A partir de la mise en service du compteur intelligent, le prosumer pourra choisir, pour une période de 15 ans, entre :

  • Le maintien de la compensation annuelle + un tarif prosumer forfaitaire ;

Ou

  • Un tarif prosumer basé sur les prélèvements réels + la compensation annuelle sur la partie « commodité » uniquement c-à-d sur l’achat de l’électricité (la compensation ne sera donc plus appliquée aux frais de réseau).

Après 15 ans, la compensation sera définitivement supprimée pour ces prosumers (quel que soit leur choix). Ils rejoindront alors le régime prévu pour les nouvelles installations photovoltaïques (expliqué ci-après).

A partir du 1er janvier 2021, les ménages flamands qui s’équipent en photovoltaïque bénéficieront du régime prévu pour les nouvelles installations, à savoir :

  • Absence de compensation annuelle,
  • Obligation de placer un compteur intelligent,
  • Paiement de l’électricité brut prélevé sur le réseau (index compteur IN),
  • Valorisation de l’électricité solaire injectée (index compteur OUT) via une obligation de rachat à un prix minimum.

Parallèlement, la Flandre a mis en place une prime pour s’équiper d’une batterie de stockage (250€/kWh de capacité).

Ce modèle flamand a le mérite d’être simple et attractif, puisqu’il incite le prosumer à adopter des comportements ou équipements économes en énergie et à maximiser son autoconsommation, individuelle ou collective, d’électricité solaire.

Quelles que soient l’échéance et les modalités, la fin de la compensation dans les 3 Régions incitera donc les prosumers à la plus grande autonomie solaire possible.

 

Comment booster votre autoconsommation solaire

 

Pour les prosumers, la fin de la compensation change la logique économique. Ils auront un intérêt économique à prélever (et payer) le moins possible d’électricité du réseau. Ils pourront agir sur trois leviers :

  • Réduire les consommations superflues d’électricité (changement d’habitudes et petits investissements : multiprises, ampoules LED, …).
  • Déplacer au maximum la consommation résiduelle au moment de production solaire (en programmant par exemple les appareils électro-ménagers en journée).
  • Surdimensionner leur installation pour couvrir au maximum leur consommation, en toutes saisons.
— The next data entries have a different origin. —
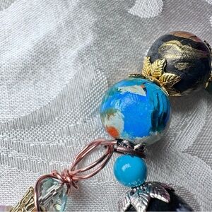 Handmade Charm Bracelet with Hand-Painted Beads & Wire-Wrapped Accents 6-7 3130
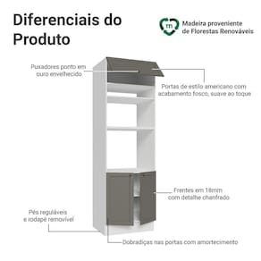 O acabamento de alta resistência da estrutura é em Branco e das frentes em Cinza, refletindo o estilo americano com um toque moderno. Possui uma textura suave ao toque, trazendo leveza e sofisticação ao ambiente. O destaque vai para os puxadores ponto em ouro envelhecido, feitos com metal resistente, que adicionam personalidade e um charme único.
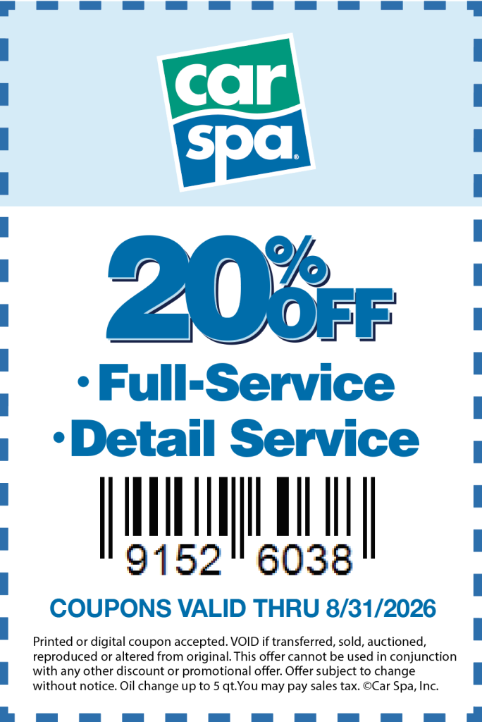 We have a variety of offers to share with our valued customers. Don’t forget, if you join our Unlimited Car Wash Club, you not only get unlimited washes each month but also 20% Off any detail service or oil change services at any Car Spa location.
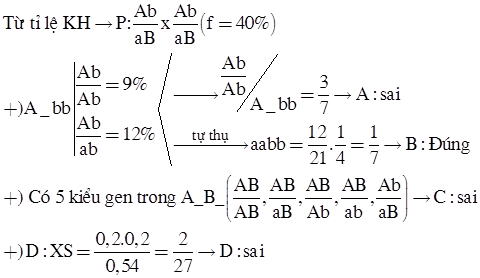 Cho biết ở một loài thực vật, mỗi gen quy định một tính trạng, alen trội là trội hoàn toàn, xét 2 cặp gen Aa, Bb. Cho P tự thụ phấn thu được F1 có tỉ lệ kiểu hình:0.54A-B- : 0.21aaB- : 0,21A-bb: 0,04 aabb . Dự đoán nào sau đây đúng?

Parmi les autres actions possibles pour atteindre jusqu’à 60 % d’autonomie solaire : installer un PVheater pour chauffer l’eau sanitaire de votre maison à partir de l’électricité solaire et/ou remplacer votre voiture thermique par un modèle électrique à recharger chez vous en journée (le week-end par exemple). La batterie statique à placer dans la maison n’est, à ce stade, pas encore économiquement rentable.